Now we train the non-symmetry preserving circuit.

params = 0.01 * torch.randn(34)
params.requires_grad = True
opt = optim.Adam([params], lr=1e-2)

# calculate mean square error for this classification problem


def cost_function_no_sym(params, input, target):
    output = torch.stack([circuit_no_sym(x, params) for x in input])
    vec = output - target
    sum_sqr = torch.sum(vec * vec, dim=1)
    return torch.mean(sum_sqr)


max_epoch = 15
max_step = 30
batch_size = 15

encoded_dataset = list(zip(*[encode_game(game) for game in dataset]))
encoded_dataset_val = list(zip(*[encode_game(game) for game in dataset_val]))


def accuracy_no_sym(p, x_val, y_val):
    with torch.no_grad():
        y_val = torch.tensor(y_val)
        y_out = torch.stack([circuit_no_sym(x, p) for x in x_val])
        acc = torch.sum(torch.argmax(y_out, axis=1) == torch.argmax(y_val, axis=1))
        return acc / len(x_val)


print(f"accuracy without training = {accuracy_no_sym(params, *encoded_dataset_val)}")


x_dataset = torch.stack(encoded_dataset[0])
y_dataset = torch.tensor(encoded_dataset[1], requires_grad=False)

saved_costs = []
saved_accs = []
for epoch in range(max_epoch):
    rand_idx = torch.randperm(len(x_dataset))
    # Shuffled dataset
    x_dataset = x_dataset[rand_idx]
    y_dataset = y_dataset[rand_idx]

    costs = []

    for step in range(max_step):
        x_batch = x_dataset[step * batch_size : (step + 1) * batch_size]
        y_batch = y_dataset[step * batch_size : (step + 1) * batch_size]

        def opt_func():
            opt.zero_grad()
            loss = cost_function_no_sym(params, x_batch, y_batch)
            costs.append(loss.item())
            loss.backward()
            return loss

        opt.step(opt_func)

    cost = np.mean(costs)
    saved_costs.append(costs)

    if (epoch + 1) % 1 == 0:
        # Compute validation accuracy
        acc_val = accuracy_no_sym(params, *encoded_dataset_val)
        saved_accs.append(acc_val)

        res = [epoch + 1, cost, acc_val]
        print("Epoch: {:2d} | Loss: {:3f} | Validation accuracy: {:3f}".format(*res))
accuracy without training = 0.22166666388511658
Epoch:  1 | Loss: 3.025290 | Validation accuracy: 0.235000
Epoch:  2 | Loss: 2.918151 | Validation accuracy: 0.280000
Epoch:  3 | Loss: 2.824333 | Validation accuracy: 0.385000
Epoch:  4 | Loss: 2.747958 | Validation accuracy: 0.501667
Epoch:  5 | Loss: 2.693046 | Validation accuracy: 0.466667
Epoch:  6 | Loss: 2.659418 | Validation accuracy: 0.446667
Epoch:  7 | Loss: 2.641402 | Validation accuracy: 0.460000
Epoch:  8 | Loss: 2.626516 | Validation accuracy: 0.481667
Epoch:  9 | Loss: 2.616884 | Validation accuracy: 0.480000
Epoch: 10 | Loss: 2.610851 | Validation accuracy: 0.496667
Epoch: 11 | Loss: 2.606585 | Validation accuracy: 0.508333
Epoch: 12 | Loss: 2.599107 | Validation accuracy: 0.506667
Epoch: 13 | Loss: 2.592962 | Validation accuracy: 0.505000
Epoch: 14 | Loss: 2.589474 | Validation accuracy: 0.515000
Epoch: 15 | Loss: 2.584630 | Validation accuracy: 0.518333

Finally let’s plot the results and see how the two training regimes differ.

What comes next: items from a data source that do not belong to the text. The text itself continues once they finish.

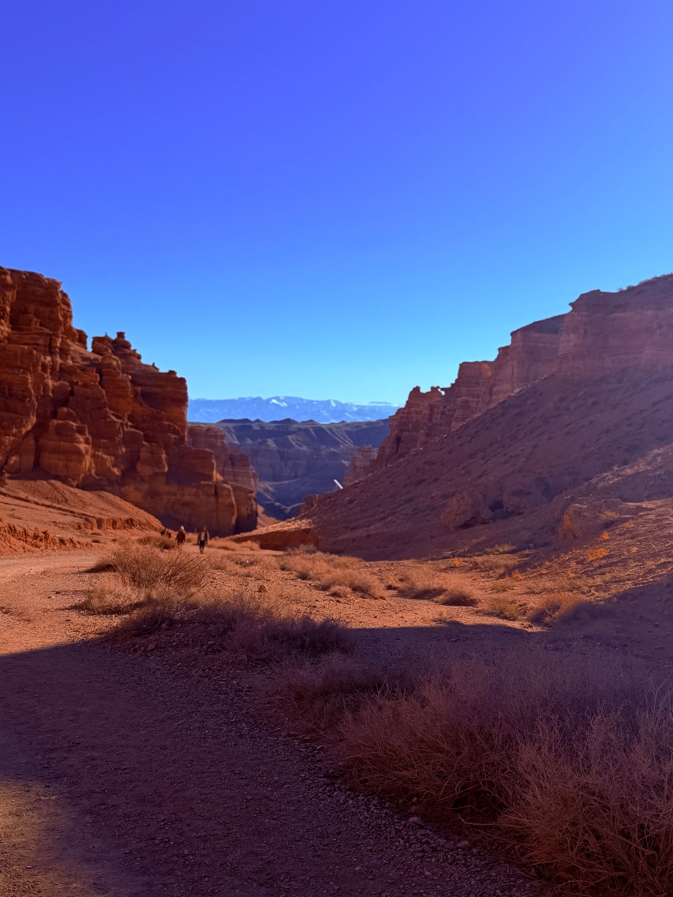又是清晨,从城里出发,车头向东南。路两旁的坡地被雪压低,偶尔有木屋冒着细细的白气。第一站是奇伦大峡谷(Charyn),也有人叫恰伦或“加勒”峡谷。赭红色的岩壁被风刻成层层纹理,阳光沿着缝隙滑下去,从明黄走到紫灰,像被看不见的手缓缓调暗。我站在边缘想起约旦的佩特拉:那里是被人凿出的红,这里是被风雕的红;一个属于文明,一个属于孤独。风从谷底往上走,夹着细沙拍在脸上,像是在提醒你:时间并不毁灭,它只是在不同地方换不同的刻刀。
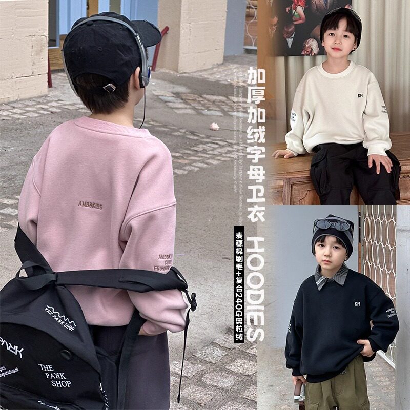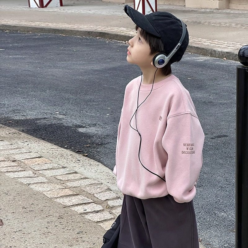 📚 日本JGYPDM2026新款男童加绒卫衣冬季加厚一体绒粉色儿童套头上衣
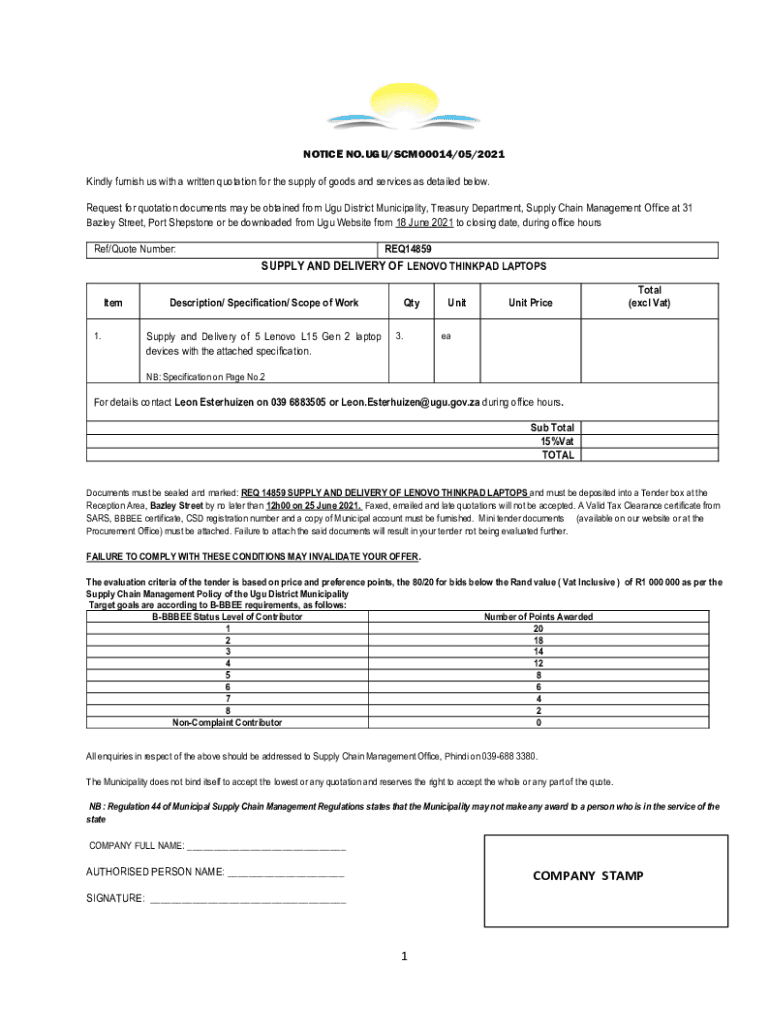 NOTICE NO.UGU/SCM00014/05/2021 Kindly furnish us with a written quotation for the supply of goods and services as detailed below. Request for quotation documents may be obtained from UGU District
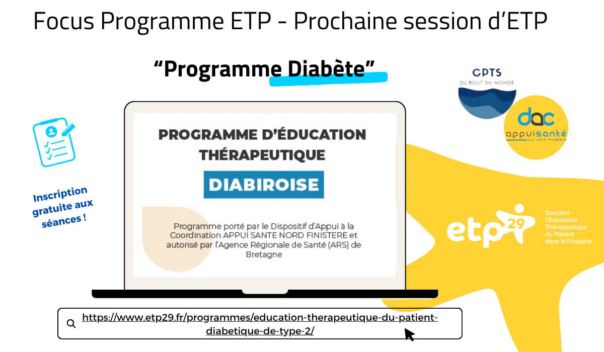 📢 Ouverture des inscriptions pour le prochain cycle du programme diabète déployé par la CPTS du Bout du Monde à Crozon et porté par le DAC Appui Santé Nord Finistère.
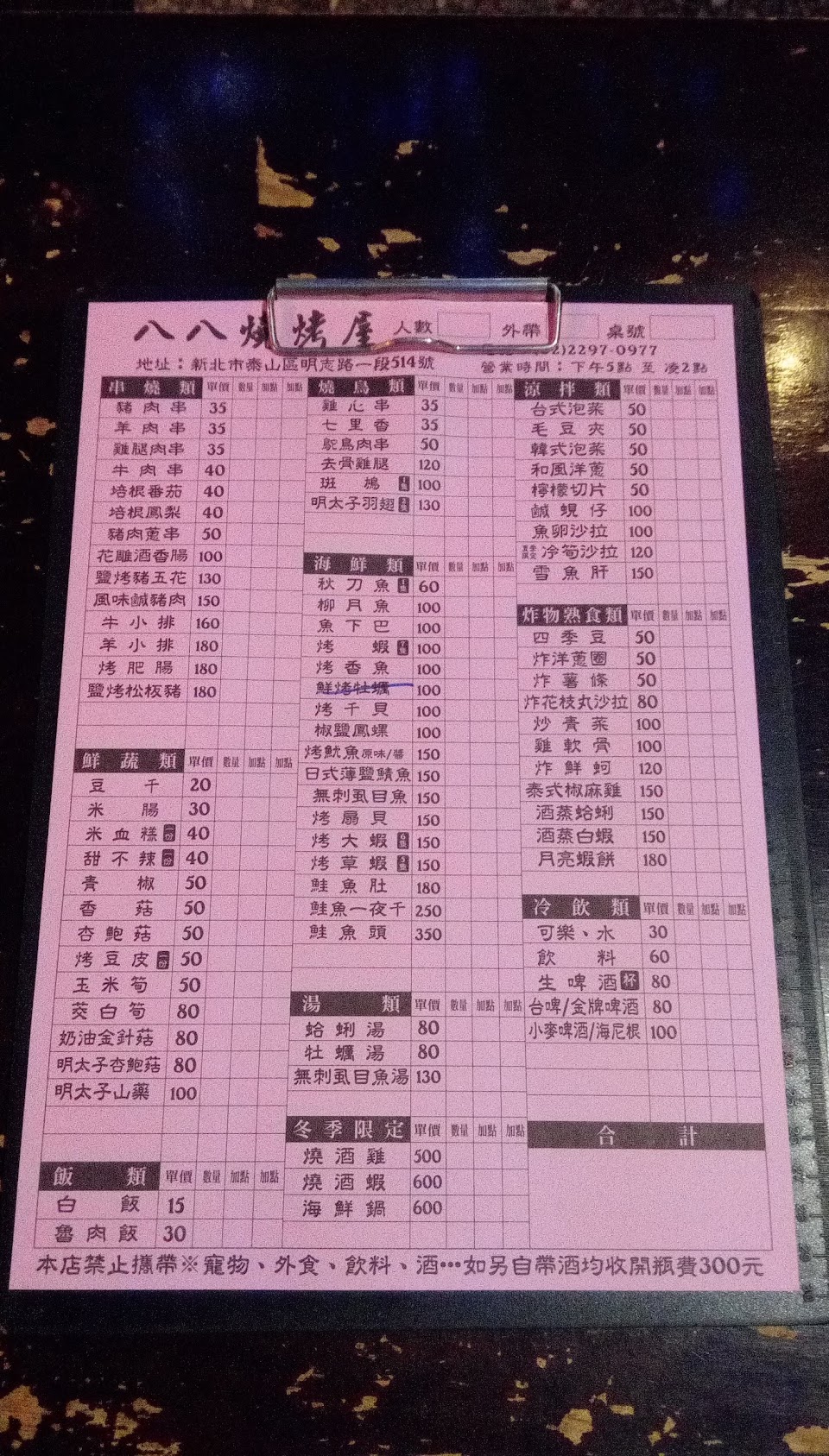 2024最新在地推薦餐廳的菜單_八八燒烤屋的菜單、圖片
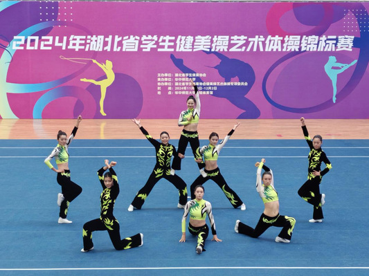 本网讯(通讯员 向琴英)11月29-12月2日,2024年湖北省健美操艺术体操锦标赛在华中师范大学佑铭体育馆圆满落幕。beat365官网体育学院健美操队19名运动员在指导教师杜啸的带领下,团结一致,顽强拼搏,获得大学乙组(体育院校组)自选排舞第二名,自选有氧舞蹈、有氧踏板第三名,自选三人操、五人操第五名的优异成绩。
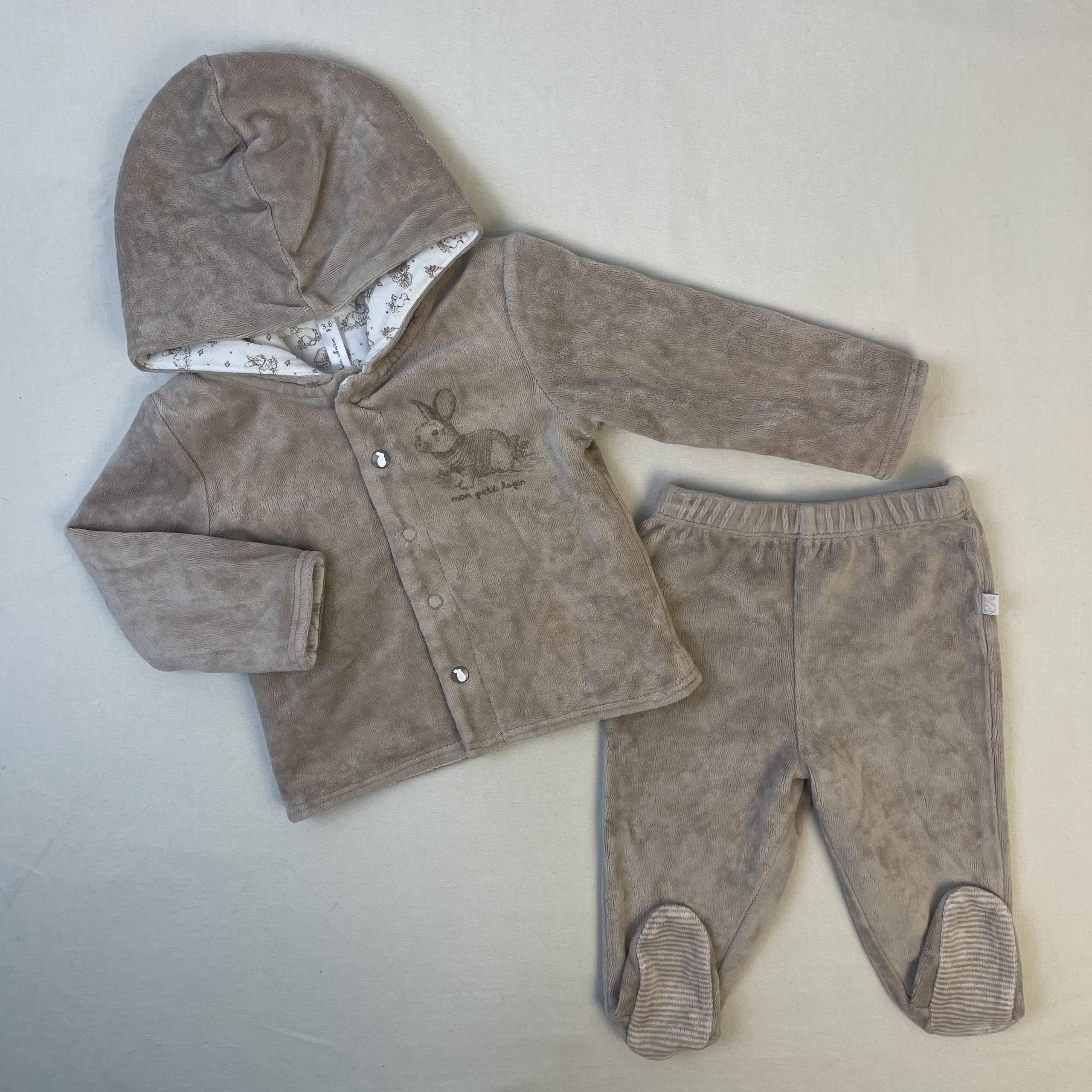 - Ensemble assorti en velours beige de la gamme Newborn Collection.

from matplotlib import pyplot as plt

plt.style.use("seaborn")
plt.title("Validation accuracies")
plt.plot(saved_accs_sym, "b", label="Symmetric")
plt.plot(saved_accs, "g", label="Standard")

plt.ylabel("Validation accuracy (%)")
plt.xlabel("Optimization steps")
plt.legend()
plt.show()
/tmp/ipykernel_66387/1424843501.py:3: MatplotlibDeprecationWarning: The seaborn styles shipped by Matplotlib are deprecated since 3.6, as they no longer correspond to the styles shipped by seaborn. However, they will remain available as 'seaborn-v0_8-<style>'. Alternatively, directly use the seaborn API instead.
  plt.style.use("seaborn")
../../../../_images/39401e84913cc69eb00e16b35ea8e87fadaf880a4ca18bbd27b3faf5df89e930.png

What we can see then is that by paying attention to the symmetries intrinsic to the learning problem and reflecting this in an equivariant gate set we have managed to improve our learning accuracies, while also using fewer parameters. While the symmetry-aware circuit clearly outperforms the naive one, it is notable however that the learning accuracies in both cases are hardly ideal given this is a solved game. So paying attention to symmetries definitely helps, but it also isn’t a magic bullet!

The use of symmetries in both quantum and classsical machine learning is a developing field, so we can expect new results to emerge over the coming years. If you want to get involved, the references given below are a great place to start.

Send it after class:

Use the same approach to predict if a starting configuration in peg solitaire will be an outlier or “genius” (see https://www.cut-the-knot.org/proofs/PegsAndGroups.shtml)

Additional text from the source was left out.